Mongol dynasty, Zhu Yuanzhang, grandson of Genghis, Xixia, Jurchens

The Mongols were the first non-Chinese people to conquer all of China. Through the 12th century, the Mongols were one of many nomadic tribes in the area of modern Mongolia. Their rise and rapid creation of a powerful empire began when Mongol ruler Genghis Khan was declared Great Khan in 1206. Genghis embarked on wars of conquest, and within 70 years the Mongols had conquered China and much of central and west Asia, establishing the largest empire the world had ever seen. In the process, the Mongols visited great destruction on settled populations but also created the conditions for unprecedented exchange of ideas and goods across Asia.

China fell to the Mongols in stages. Xixia, the Tangut state, submitted in 1211. The Jin state of the Jurchens fell bit by bit from 1215 to 1234. Song territory in Sichuan fell in 1252, but most of the south held out until the 1270s. By that point, Kublai Khan, a grandson of Genghis, had succeeded to Mongol leadership in China. Kublai moved the Mongol capital from Karakorum (in modern Mongolia) to a site close to Beijing. By then, Mongol lands stretched from Eastern Europe to the Korea Peninsula and from Siberia to the Indian subcontinent, but the empire was fractured into four separate khanates (states) that often were at war with each other.

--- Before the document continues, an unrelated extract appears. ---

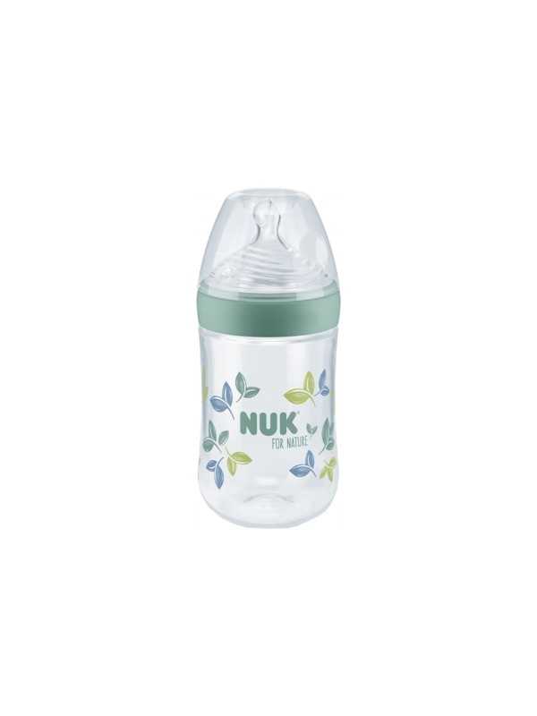 NUK ha desarrollado los nuevos biberones NUK for Nature fabricado con materiales 100% sostenbiles. La tetina dispone de múltiples orificios finos similares a los conductos mamarios, que proporcionan un flujo natural como en la lactancia materna. Además, la punta es extra suave y particularmente flexible, que hace que se adapte ella misma al paladar del bebé de una manera similar al pezón materno. Finalmente, el innovador sistema Anti Cólicos NUK permite una toma sin pausas, evita la ingestión de aire y previene los cólicos. El material utilizado es suave, dando esa sensación familiar a los labios del bebé. El indicador de control de temperatura incorporado cambia de color cuando la comida está demasiado caliente. El indicador normalmente azul se vuelve blanco. Tetina de silicona para bebés (para líquidos como agua, infusiones o leche materna). Capacidad 260ml. Sin Bisfenol A.

The Mongol dynasty in China, called the Yuan, remained a fundamentally foreign dynasty. Non-Chinese, including Persians, Uygurs, and Russians, were assigned to governmental posts, and the Mongols themselves retained their identification as warriors. East-west communications vastly improved. The Mongols supported foreign trade and welcomed foreign religious teachers of many faiths. Missionaries and traders traveled back and forth between China and areas to the west, bringing to China new ideas, foods, and medicines. Best known of the foreigners believed to have reached China during this period was the Venetian merchant Marco Polo, whose account of his travels portrays the wealth and splendor of Chinese cities. Foreigners found new government opportunities in China, but educated Chinese often found political careers under the Yuan impossible or uninviting, and had to turn to other ways of supporting themselves. Some Chinese took to writing songs and librettos for the stage, and as a result, operatic drama experienced a considerable advance during the Yuan dynasty.

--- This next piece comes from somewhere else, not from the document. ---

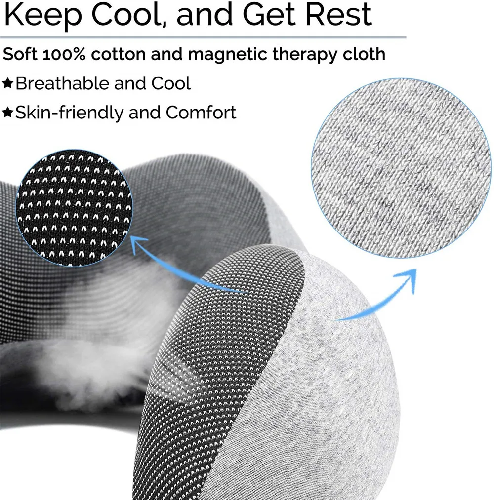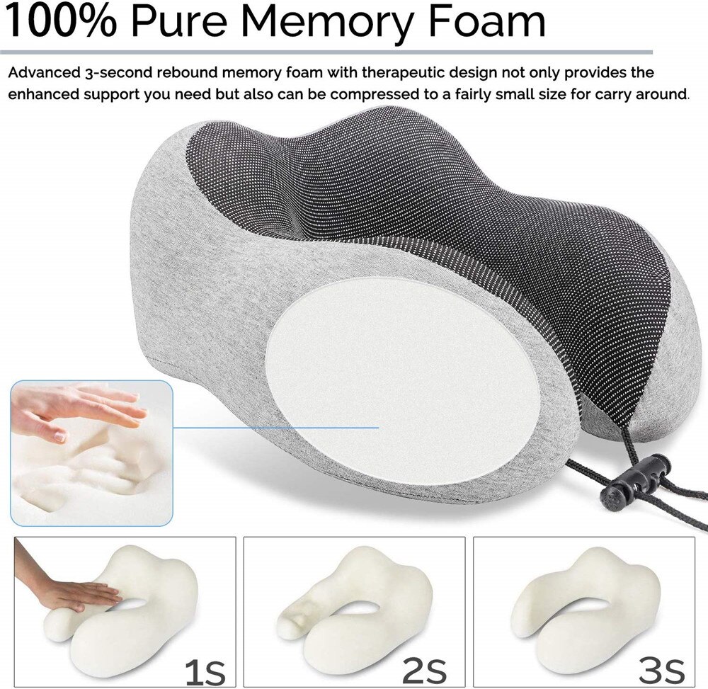 ✈【Ergonomic Sleep Design】This ergonomically designed memory foam pillow provides support without the bulk. With perfect curves shape design, this travel pillow can better fix your neck, prevents head from falling forward, relieves neck pain during travel. The adjustable rope lock allows you to customize the angle of the pillow, give you neck support and comfort during the long flights or endless car rides. 🚄【Keep Cool and Clean】Our U Shaped Neck Pillow covered in a mix of soft 100% cotton and breathable and super soft magnetic therapy cloth, millions of tiny premium microbeads inside, provides the maximum comfort on your trip. There’s a zipper for the machine-washable cotton cover, so you could remove it and wash it to keep your neck pillow fresh and germ-free, ready to go the next time you need it. 🚗【100% Pure Memory Foam】 Our travel pillow is made of high quality memory foam with 3 seconds rebound technology and therapeutic comfortable design. Memory foam gives you a good support and sleeping comfort as it responds to your body temperature and molds to the shape of your head and neck.

Most of the economic advances of the Song slowed or reversed under the Yuan. Chinese peasants had to cope with harsh taxation and confiscation of their land. The 1330s and 1340s were marked by crop failure and famine in North China and by severe flooding of the Huang He. Chinese uprisings occurred in almost every province, and by the 1350s several major rebel leaders had emerged. One of these leaders, Zhu Yuanzhang, was successful in extending his power throughout the Yangtze Valley in the 1360s. In 1368, while Mongol commanders were paralyzed by internal rivalries, Zhu marched north and seized the Yuan capital near Beijing. The Yuan dynasty in China ended, but the Mongols continued to make raids into China from their base in Mongolia.